From: Borislav Petkov <bp@alien8.de>
To: "Kirill A. Shutemov" <kirill@shutemov.name>
Cc: "Kirill A. Shutemov" <kirill.shutemov@linux.intel.com>,
hpa@zytor.com, tglx@linutronix.de, mingo@redhat.com,
akpm@linux-foundation.org, linux-mm@kvack.org,
linux-kernel@vger.kernel.org, x86@kernel.org, jgross@suse.com,
konrad.wilk@oracle.com, elliott@hpe.com,
boris.ostrovsky@oracle.com, Toshi Kani <toshi.kani@hpe.com>
Subject: Re: [PATCH] x86/mm: fix regression with huge pages on PAE
Date: Wed, 11 Nov 2015 10:51:01 +0100 [thread overview]
Message-ID: <20151111095101.GA22512@pd.tnic> (raw)
In-Reply-To: <20151110170447.GH19187@pd.tnic>
On Tue, Nov 10, 2015 at 06:04:47PM +0100, Borislav Petkov wrote:
> On Tue, Nov 10, 2015 at 05:07:13PM +0200, Kirill A. Shutemov wrote:
> > Yeah. Looks good to me.
>
> It gets even cleaner. Let me run it through the *config build tests.

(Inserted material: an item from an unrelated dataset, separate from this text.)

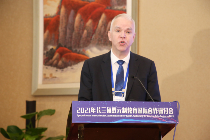 乔治·施泰德在题为《发展——合作——创新 过去、现在与未来》的报告中指出,高校是教育的核心部分,职业教育引领创新之路。中德合作由来已久,他希望能与更多高校建立良好的沟通合作关系,运用双元制教育模式,推动人才培养方案改革创新,使学生的综合能力和专业技能不断提高,让中国更多的职业院校受益。
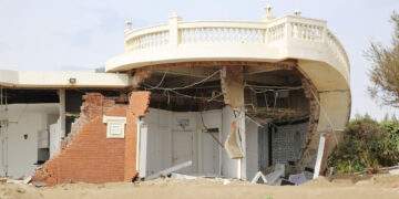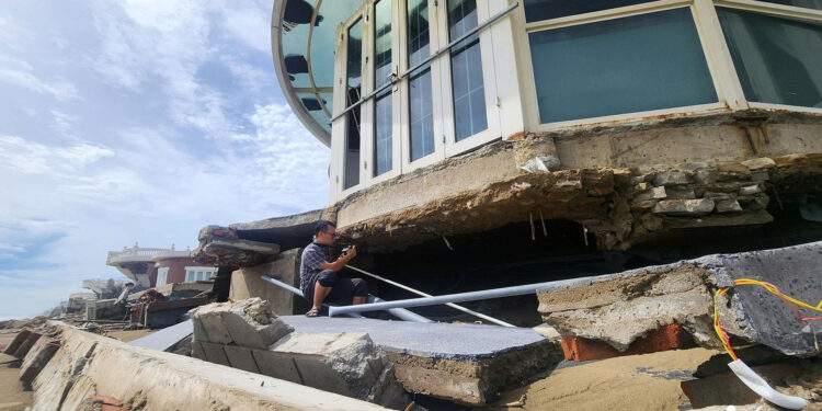 Sau bão số 10, hàng loạt căn biệt thự nằm sát biển Xuân Thành, Hà Tĩnh bị bão vò nát, lộ ra kết cấu móng khá đơn giản.

Hohumm, it passes. Here's what I ended up committing:
---
From: "Kirill A. Shutemov" <kirill.shutemov@linux.intel.com>
Date: Tue, 10 Nov 2015 01:18:10 +0200
Subject: [PATCH] x86/mm: Fix regression with huge pages on PAE
MIME-Version: 1.0
Content-Type: text/plain; charset=UTF-8
Content-Transfer-Encoding: 8bit
Recent PAT patchset has caused issue on 32-bit PAE machines:
page:eea45000 count:0 mapcount:-128 mapping: (null) index:0x0
flags: 0x40000000()
page dumped because: VM_BUG_ON_PAGE(page_mapcount(page) < 0)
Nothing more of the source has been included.